Internally, another migration is taking place, with our youths migrating from reading books to Facebooking. Everywhere you look, people have their heads down calling, texting, browsing, chatting, pinging, twitting and selfie-ing. Few people visit the Local Government Reading Rooms or the State and National Libraries anymore. Although Education officials often moan “the collapse of reading culture,” our universities are awarding First Class degrees in record numbers. Teachers of the Facebook Age apparently have a digital marking scheme. Yet, neither major candidate spared a thought for this internal migration, which has more debilitating potential than Trans-Saharan migration.

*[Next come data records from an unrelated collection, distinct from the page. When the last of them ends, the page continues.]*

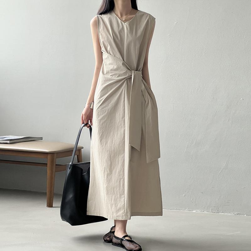 Johnature Повседневное корейское платье без рукавов с поясом на бретельках, летнее дизайнерское женское платье трапециевидной формы во французском стиле с перерывом на чай
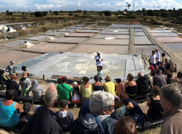 Après la balade en bateau, au cœur du marais, vous pourrez apprécier la rencontre avec le saunier, heureux de dévoiler les secrets de son métier et les richesses de ce patrimoine. Puis, ce sera au tour des enfants de s’essayer à ce métier de soleil et de vent. Ils récolteront le sel de leurs vacances, sous les regards amusés et fiers de leurs parents. 😄
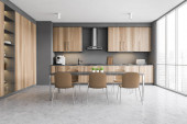 Zdjęcie "Rogu stylową kuchnią z szare ściany, Posadzka betonowa, szary blaty drewniane szafy i szary i drewniany bar stołki. renderowania 3D" może być wykorzystywane do celów osobistych i komercyjnych zgodnie z warunkami zakupionej licencji Royalty-free. Obraz jest dostępny do pobrania w jakości wysokiej rozdzielczości do 5760x3840.

Two years ago an energetic movement called Not Too Young To Run stormed this country and for a time it looked like youths were about to climb on top of the political pile. They even got the president to endorse a bill to lower the age for which one could seek high office. As these idealistic youths soon found out, Not Too Old To Run is more like it. Next time they would seek a law to clamp an upper limit to the age by which one can seek high office.
I did not see a mention on either platform of the days when the oil wells run dry, which we understand is not too far away. Even before the wells run dry, the Whiteman could migrate from hydrocarbons to renewable energy, in much the same way that he migrated from horse-drawn carriage to trolleys to steam engines to coal-fired railways to cars to turboprop planes to jet engines to space ships, all within one hundred and fifty years. What is our plan for that eventuality?